Berlet, a paralegal investigator, is a former vice-president of the National Lawyers Guild, a body described as pro-communist by conservative critics. He has served on the advisory board of the Center for Millennial Studies at Boston University, and currently sits on the advisory board of the National Committee Against Repressive Legislation. In 1982, he was a Mencken Awards finalist in the best news story category for "War on Drugs: The Strange Story of Lyndon LaRouche," which was published in High Times.
Biography
Background
Berlet attended the University of Denver for three years, where he majored in sociology with a journalism minor. He left the university in 1971 to work as an alternative journalist. Berlet did not complete his degree. In the mid-1970s, he went on to co-edit a series of books on student activism for the National Student Association and National Student Educational Fund. He also became an active shop steward with the National Lawyers' Guild, a liberal bar association.
During the late 1970s, he became the Washington, D.C. bureau chief of High Times magazine, and in 1979, he helped to organize citizens' hearings on FBI surveillance practices. From then until 1982, he worked as a paralegal investigator at the Better Government Association in Chicago, conducting research for an American Civil Liberties Union case, involving police surveillance by the Chicago police (which became known as the "Chicago Red Squad" case ). He also worked on cases filed against the FBI or police on behalf of the Spanish Action Committee of Chicago, the National Lawyers' Guild, the American Indian Movement, Socialist Workers Party, the Christic Institute, and the American Friends Service Committee (a Quaker group). Berlet served as Vice President of the National Lawyer's Guild, although he himself is not an attorney and does not have a law degree.
In 1982, Berlet joined Political Research Associates, and in 1985, he founded the Public Eye BBS, the first computer bulletin board aimed at challenging the spread of white-supremacist and neo-Nazi material on the Web, and the first to provide an online application kit for requesting information under the U.S. Freedom of Information Act . He helped found the "Chicago Area Friends of Albania", in 1983.
Berlet is also a photojournalist. His photographs, particularly of Ku Klux Klan and neo-Nazi rallies, have been carried on the Associated Press wire, have appeared on book and magazine covers, album covers and posters, and have been published in the Denver Post, Washington Star, and Chronicle of Higher Education.
In 1996, he acted as an advisor on the Public Broadcasting Service documentary mini-series With God on Our Side: The Rise of the Religious Right in America, which was later published as a book by William Martin .

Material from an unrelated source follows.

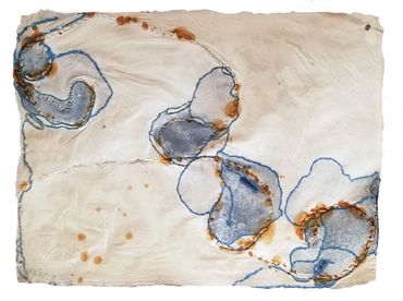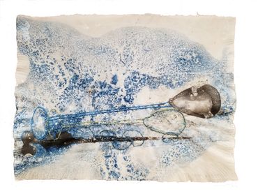 Nancy Cohen draws, too, but with paper pulp on handmade paper sheets. She calls them pulp drawings, and many approach 8 feet square and often refer to her 3D pieces. Tomomi Ono rubs oily crayon onto a  stone she has ground to perfect flatness.  Then she treats the stone chemically with a mixture of nitric acid and gum Arabic to stabilize the image for printing. She removes the drawing mediums from the stone with solvent and replaces them with ink. And then she rolls oil based ink over it after sponging the surface with water, which is repelled by her marks, allowing the ink to stick there. She uses a press to squeeze paper to the stone, creating a lithographic print.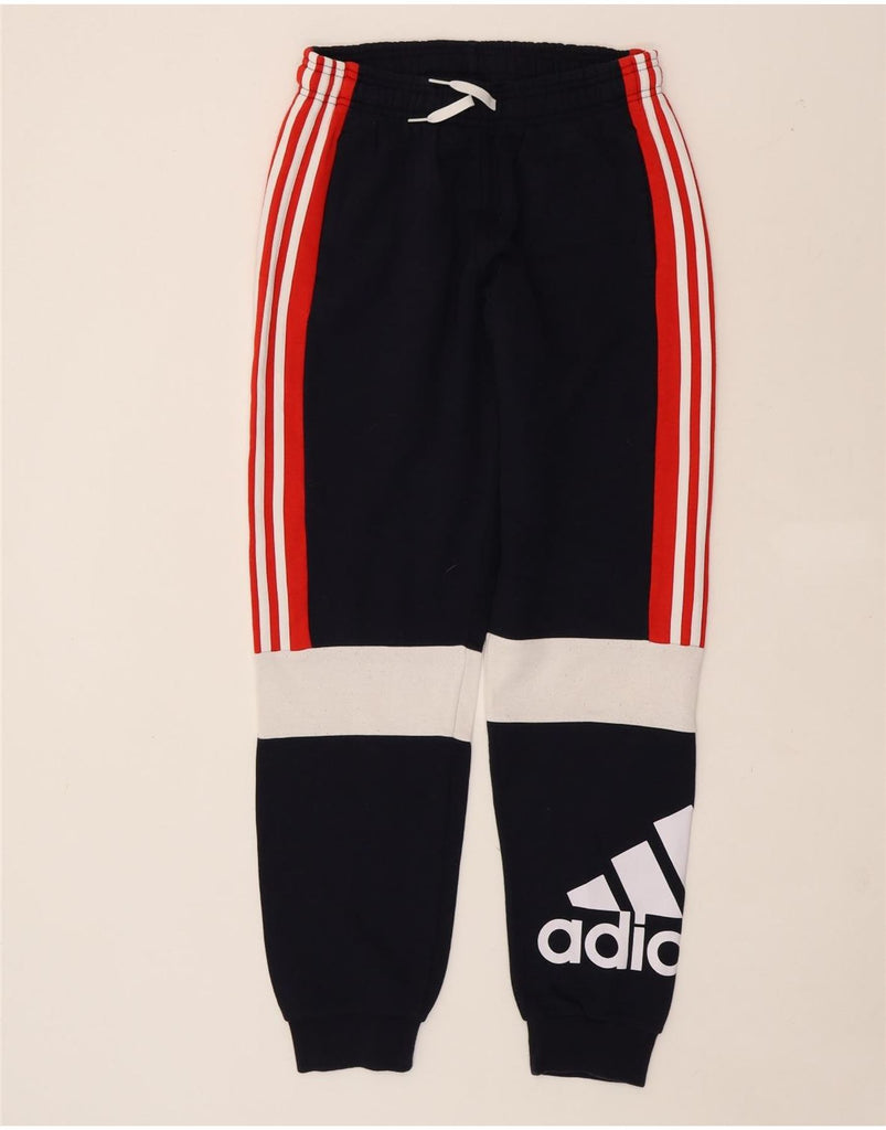 ADIDAS Boys Tracksuit Trousers Joggers 13-14 Years Navy Blue Colourblock

Berlet argues that the U.S. is currently undergoing a right-wing backlash that is the most sustained of its kind in U.S. history. He argues that, although 95% of the USA's hate crimes are committed by people not affiliated with any group, they have nevertheless internalized a narrative developed and promoted by the right wing that demonizes certain groups, including blacks or gays. He argues that the left must develop coalitions to find a way to counter-balance these narratives, instead of becoming isolated as another side of the "lunatic fringe" .
In ZOG Ate My Brains, Berlet warns of a "troubling resurgence on the political Left" of anti-Semitic conspiracy theories as a result of Gulf intervention and the 9/11 Terrorist attacks.
Criticism of Berlet
Berlet has been criticized by The New American for having accused the Anti-Defamation League, in a 1993 op-ed piece for the New York Times, of down-playing the right-wing threat while focusing on left-wing groups .
Online Journal Associate Editor Larry Chin charged that "Berlet is a gatekeeper who has made a career out of slandering and attacking whistleblowers, researchers and critics of the US government, of every political affiliation."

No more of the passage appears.